The UK has over 900 public sector organisations, with each typically planning and procuring around 10 key investments every year. As vast amounts of money are being invested around the country on new projects, a number of questions arise: How can we ensure value for money? How can we ensure we have selected the correct course of action? How can we ensure these investments are justified?

The answer lies in the business case. Business cases should provide scrutiny, ensuring that what is proposed is:

  • The right sort of investment
  • Affordable, desirable and viable
  • Offering value for money for shareholders and/or customers

The problem is, the importance of business cases is often undervalued and not given sufficient resources or funding. This has led to underestimated costs, inflated budgets and missed deadlines. In the worst of cases, it leads to project failure, as requirements are not met, and business value is not delivered.

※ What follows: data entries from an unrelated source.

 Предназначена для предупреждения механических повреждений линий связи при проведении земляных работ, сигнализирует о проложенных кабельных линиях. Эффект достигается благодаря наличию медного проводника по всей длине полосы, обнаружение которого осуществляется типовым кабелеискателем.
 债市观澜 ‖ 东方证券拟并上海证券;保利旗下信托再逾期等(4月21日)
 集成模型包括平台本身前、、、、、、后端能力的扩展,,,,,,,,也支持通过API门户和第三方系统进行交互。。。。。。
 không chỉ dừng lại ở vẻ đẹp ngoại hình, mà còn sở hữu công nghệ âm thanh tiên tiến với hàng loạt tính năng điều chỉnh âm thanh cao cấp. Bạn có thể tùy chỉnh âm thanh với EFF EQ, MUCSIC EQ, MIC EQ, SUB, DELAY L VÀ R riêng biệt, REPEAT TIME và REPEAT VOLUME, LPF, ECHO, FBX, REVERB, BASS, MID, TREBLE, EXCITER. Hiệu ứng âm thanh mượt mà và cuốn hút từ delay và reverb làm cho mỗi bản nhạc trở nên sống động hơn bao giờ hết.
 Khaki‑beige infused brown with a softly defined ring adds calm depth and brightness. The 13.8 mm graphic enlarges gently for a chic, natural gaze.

We can see examples of poor business case planning in many major public sector projects: the Channel Tunnel’s costs were underestimated by 80%, London’s Jubilee line extension was underestimated by £1.4 billion and the project duration understated by 2 years, and the Scottish Parliament Building was delivered 10 times over budget and 3 years late.

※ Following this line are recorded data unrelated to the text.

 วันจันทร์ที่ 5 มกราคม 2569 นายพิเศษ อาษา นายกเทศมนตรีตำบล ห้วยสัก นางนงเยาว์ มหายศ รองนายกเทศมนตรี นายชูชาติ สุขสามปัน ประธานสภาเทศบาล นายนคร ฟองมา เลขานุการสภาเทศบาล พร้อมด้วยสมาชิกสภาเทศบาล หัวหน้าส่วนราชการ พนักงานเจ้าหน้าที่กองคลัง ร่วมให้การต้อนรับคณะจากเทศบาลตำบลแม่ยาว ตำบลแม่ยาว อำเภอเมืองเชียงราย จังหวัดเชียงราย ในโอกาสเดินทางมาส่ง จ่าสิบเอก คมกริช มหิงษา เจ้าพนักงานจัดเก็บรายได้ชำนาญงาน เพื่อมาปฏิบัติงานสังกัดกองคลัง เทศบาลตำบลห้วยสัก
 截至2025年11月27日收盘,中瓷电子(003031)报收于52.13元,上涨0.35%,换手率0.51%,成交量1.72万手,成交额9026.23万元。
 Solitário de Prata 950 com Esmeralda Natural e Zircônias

A research paper in 2007 entitled ‘Building Better Business Cases for IT Investments’ looked at how over 100 European organisations developed their business cases and how these approaches were related to overall success in investments. Although producing business cases was a normal and expected process, the findings suggested that they were often of poor quality.

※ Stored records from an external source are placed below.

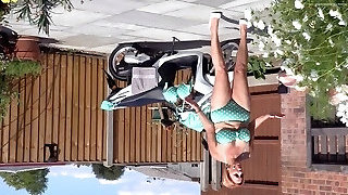 Sexy redhead takes a big hard pecker outdoor
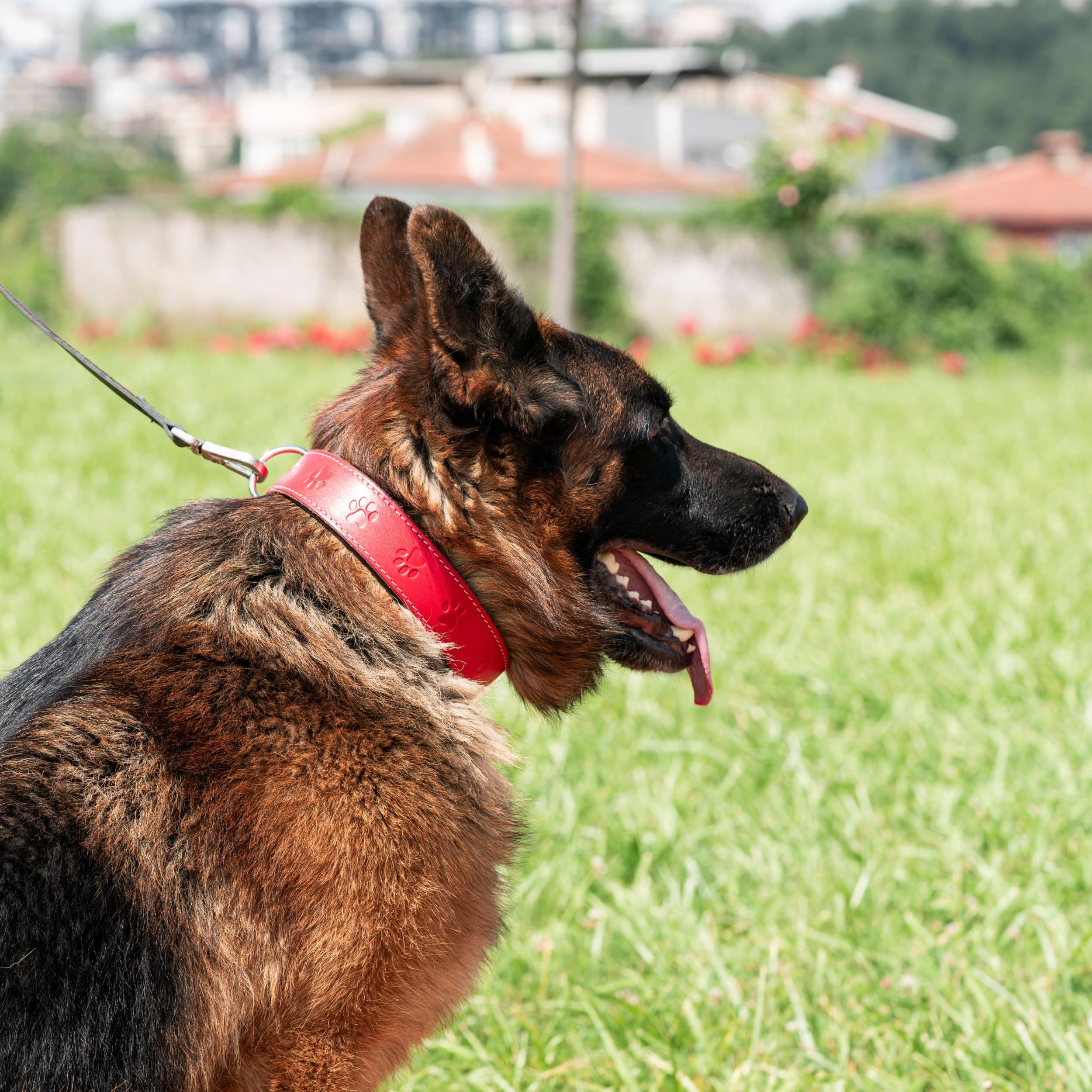 - STYLISH DESIGN🐾 & COLORS🎨: Overall minimalist design embellished with embossed paws. Whatever the mood of your furry friend is, they will look handsome. We are aware of people's popular searches 📈such as black dog collar, brown leather dog collar, red leather dog collar, dog collar blue leather, and camel dog collar, and beginning with five colors for your taste for now. We can't wait to see their cool, goofy, proud, and loving faces in your reviews
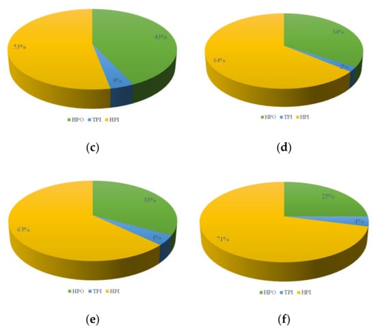 Proportion of hydrophilic and hydrophobic components: (a) direct UF filtration, alkaline cleaning; (b) direct UF filtration, acid cleaning; (c) L-UF, alkaline cleaning; (d) L-UF, acid cleaning; (e) S-UF, alkaline cleaning; (f) S-UF, acid cleaning.

65% of respondents expressed dissatisfaction with their inability to identify all benefits and 69% stated inadequacies in the ‘true’ value of the benefits which were included. Furthermore, benefits were often exaggerated or un-achievable in the first place, and there was a lack of understanding of the business change needed to achieve the benefits. Business cases which were focused on financial or efficiency savings tended to be less successful, which was a problem because financial benefits were often the only thing senior management was interested in.

So what makes a successful business case? The authors recommend that business cases should include a ‘wide range’ of benefit types and recognize ‘all possible’ benefits. This includes ‘soft’ or ‘subjective’ benefits, which are more appealing to stakeholders and which often return greater commitment from those delivering the projects.